What to do: From the records below, please repeat exactly the line that has "Desde mapas con", the line that has "SEREENWORKS Vit C", and every line between them, and nothing else.

Information provided:
--- START ---

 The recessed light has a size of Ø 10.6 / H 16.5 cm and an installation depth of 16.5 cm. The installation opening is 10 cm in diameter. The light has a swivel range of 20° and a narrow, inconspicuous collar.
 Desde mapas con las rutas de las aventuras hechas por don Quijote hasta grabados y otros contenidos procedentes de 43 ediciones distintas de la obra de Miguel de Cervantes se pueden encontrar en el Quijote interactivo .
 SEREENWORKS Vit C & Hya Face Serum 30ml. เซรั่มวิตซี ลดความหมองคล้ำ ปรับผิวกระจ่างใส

--- END ---
--- START ---

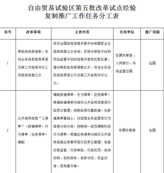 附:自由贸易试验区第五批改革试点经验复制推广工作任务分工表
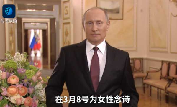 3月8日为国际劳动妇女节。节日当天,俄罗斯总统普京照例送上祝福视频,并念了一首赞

--- END ---

Your response:
 Desde mapas con las rutas de las aventuras hechas por don Quijote hasta grabados y otros contenidos procedentes de 43 ediciones distintas de la obra de Miguel de Cervantes se pueden encontrar en el Quijote interactivo .
 SEREENWORKS Vit C & Hya Face Serum 30ml. เซรั่มวิตซี ลดความหมองคล้ำ ปรับผิวกระจ่างใส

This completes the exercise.